2.3. Statistical data analysis
All statistical analyses were performed in R v. 4.2.3 (R Core Team, 2023), and significance was defined at ɑ = 0.05. We compared in-stream nitrate and DOC concentrations across burned and unburned watersheds to evaluate the effects of time-since-fire, climate, watershed burn percentage, and watershed characteristics on post-fire water quality variability. To compare the mean pseudo yield metric between burned and unburned watersheds, we used single-factor analysis of variation (ANOVA) tests (Van Son & Thiel, 2006). To determine whether fire responses varied by time-since-fire, climate, and burned area, we performed separate linear mixed-effect models (lmer ; Bates et al., 2015). Additionally, we tested for equal variances within the pseudo yield metric across space and time using Levene’s test (Fox & Weisberg, 2019). Residuals for both the ANOVA and linear mixed-effect models were assessed for normality using the Shapiro test (Shapiro & Wilk, 1965), and homoscedasticity using the Breusch-Pagan test.

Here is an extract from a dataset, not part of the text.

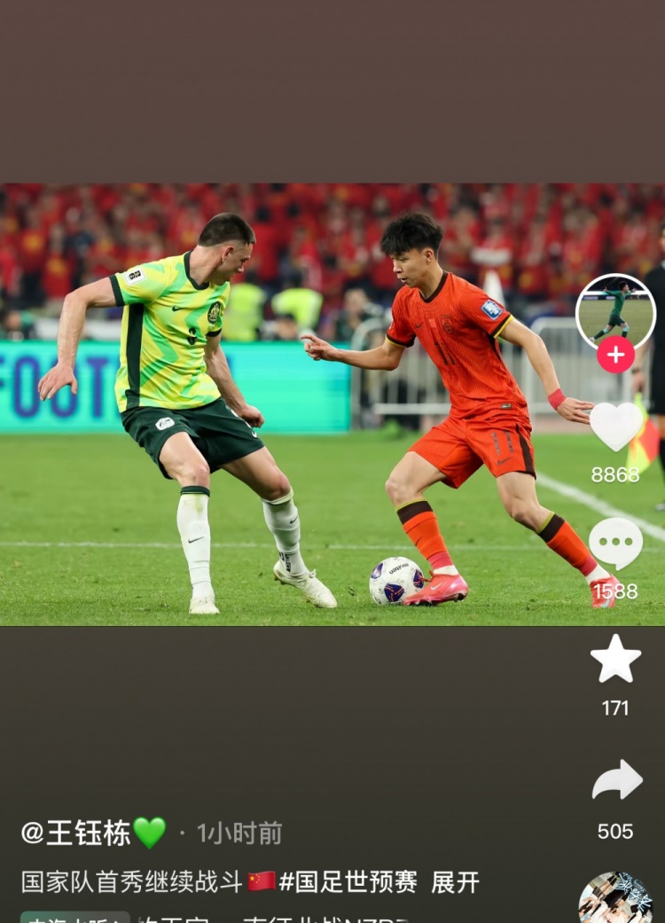 2025-03-26 20:25:55王鈺棟社媒曬國足首秀照,蒯紀聞留言:太愛你了兄弟

To normalize for large concentration differences across all sites, we analyzed the proportional differences between burned and unburned in-stream solute concentrations by calculating an effect size (ln[R]) using the following equation modified from Emmerton et al., (2020) and Paul et al., (2022):
\begin{equation} \ln\ \left[R\right]\ =\frac{X_{\text{Burned}}}{X_{\text{Unburned}}}\nonumber \\ \end{equation}
where XBurned and XUnburned are the mean concentrations in burned and unburned watersheds, respectively. Mean effect size was calculated with 95% confidence intervals and standard error. Effect size was calculated for each burned site associated with a reference site, per year. A positive effect size indicates a higher solute concentration in the burned watershed compared to the unburned site, whereas a negative effect represents a higher solute concentration in the unburned watershed. Effect size values near 0 represent no difference between the burned and unburned sites. Post analysis, effect sizes were converted to percent difference (D), following (Dove & Hart, 2017):
\(D=100(1-e^{\ln(R)}\))
and used to assess how nitrate and DOC change on an annual basis using the Sen-Theil linear regression model (Hurtado, 2020).

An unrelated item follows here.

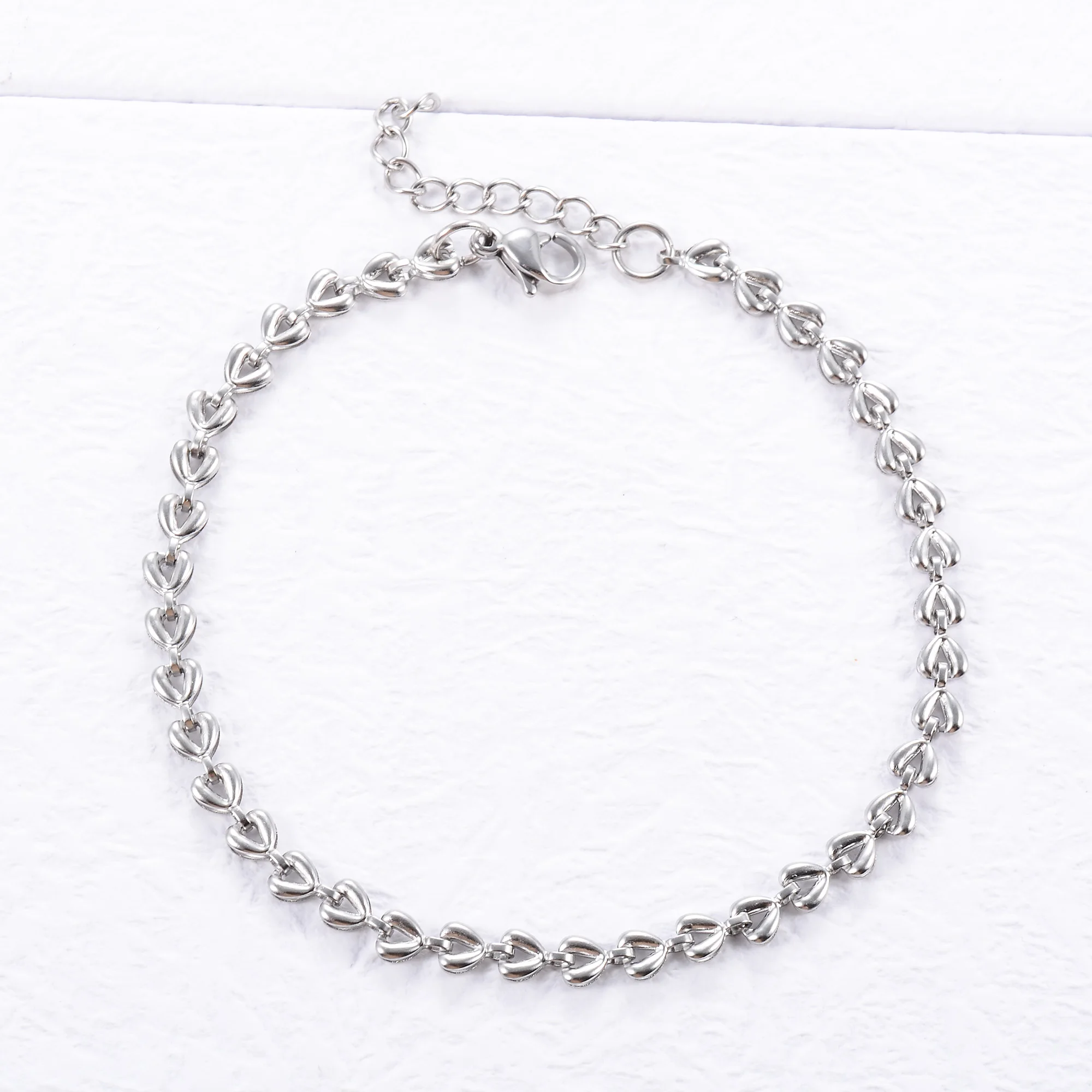 Add a touch of romance and elegance to your look with this Cute Stainless Steel Link Chain Heart Bracelet. Crafted from high-quality stainless steel and finished in luxurious gold or silver color, this versatile piece can be worn as a wrist bracelet, ankle chain, or even a delicate hand chain—perfect for women who love trendy, multi-functional jewelry.

To assess the impact of time-since-fire, observations were divided into seven individual groups including: year of the fire, 1-2 years post-fire, 2-3 years post-fire; 3-4 years post-fire; 4-5 years post-fire; 5-6 years post-fire; and >10 years after the fire. No studies fell within the 7-10 year timeframe. We assessed burn extent by extracting burn area from MTBS using a custom R script (Willi & Ross, 2023). Study sites were then grouped based on their burn area in 10% intervals.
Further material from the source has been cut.